Proof of the Reverse Triangle Inequality

Your work seems right (although you could get the easier contradiction in the second case by adding $d(x,y)$), but there is an easier proof: Let $x,y,z$ be points in a metric space.

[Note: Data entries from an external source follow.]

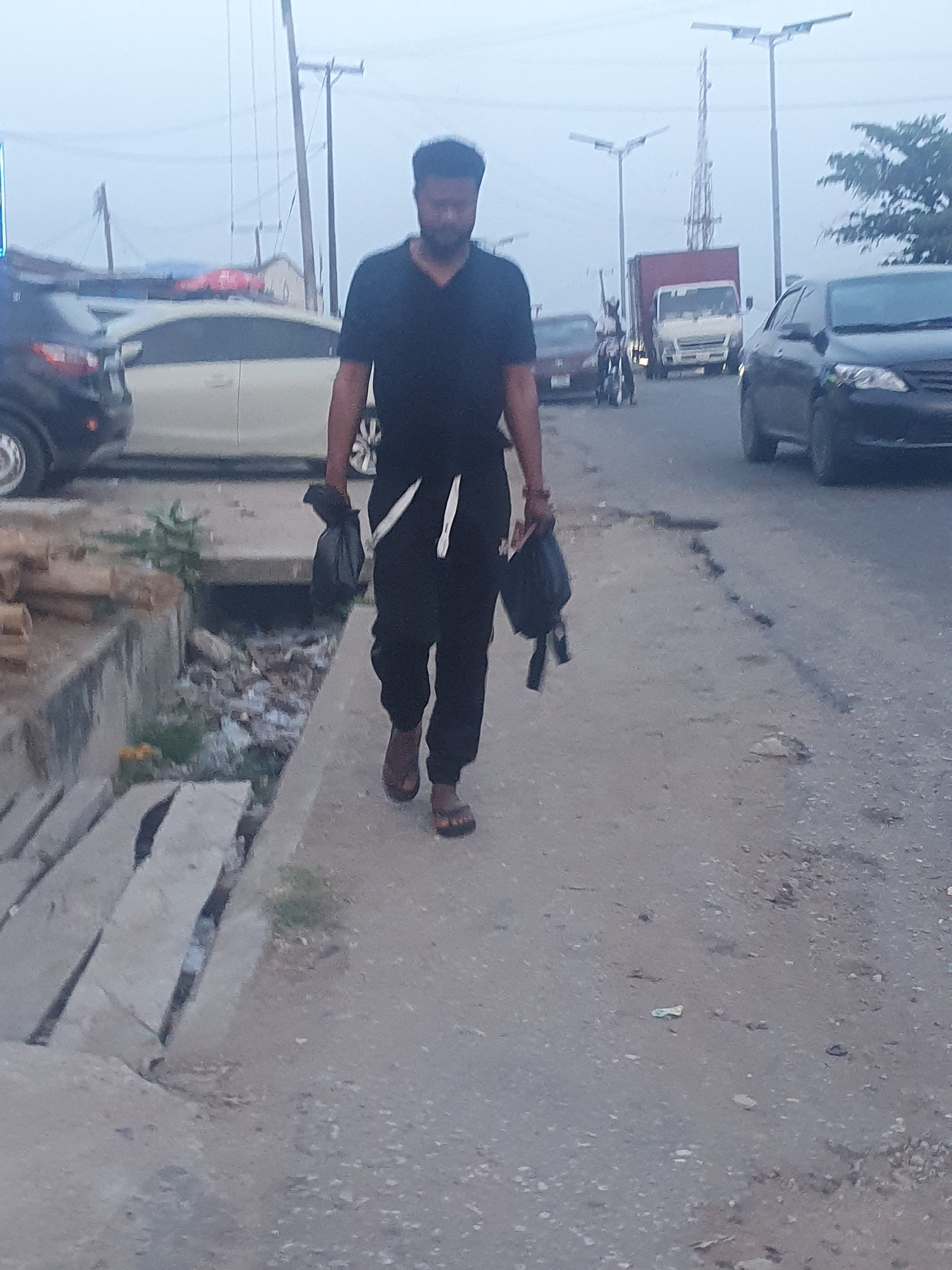 The image shows a man walking along a street in Lokoja, Nigeria. He is wearing dark clothing and sandals, and carrying a bag. The street is lined with parked cars, and a truck is visible in the distanβ¦read more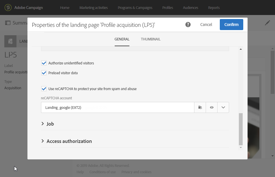 랜딩 페이지에 Google reCAPTCHA V3를 설정하여 봇에 의한 스팸 및 남용을 방지할 수 있습니다. 랜딩 페이지에서 사용하려면 먼저 외부 계정을 만들어야 합니다. 구성 방법에 대한 자세한 내용은 이 섹션을 참조하십시오.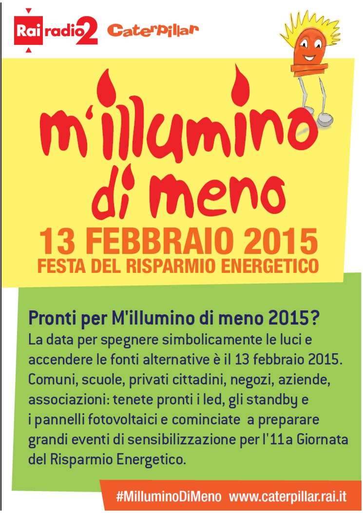 “M’illumino di Meno” è una grande campagna di sensibilizzazione sulla razionalizzazione dei consumi energetici e si avvale da anni dell’Alto Patrocinio del Parlamento Europeo e della Presidenza della Repubblica, nonché delle adesioni di Senato e Camera dei Deputati.

Then

$$d(x,y)\leq d(x,z)+d(z,y).$$

Then,

$$d(x,y)-d(y,z)\leq d(x,z).$$

On the other hand,

$$d(y,z)\leq d(x,z)+d(x,y).$$

Then,

$$d(y,z)-d(x,y)\leq d(x,z).$$

Therefore,

$$|d(y,z)-d(x,y)|\leq d(x,z).$$

You don't really need to prove it by contradiction:

By the triangle inequality, $d(x,y)\le d(x,z)+d(z,y)=d(x,z)+d(y,z)$, whence $$d(x,y)-d(y,z)\le d(x,z.)$$ Similarly, $d(y,z)\le d(y,x)+d(x,z)$, whence $$d(y,z)-d(x,y)\le d(x,z),$$ and finally $$\bigl\lvert d(x,y)-d(y,z)\bigr\rvert=\max\bigl(d(x,y)-d(y,z),d(y,z)-d(x,y)\bigr)\le d(x,z).$$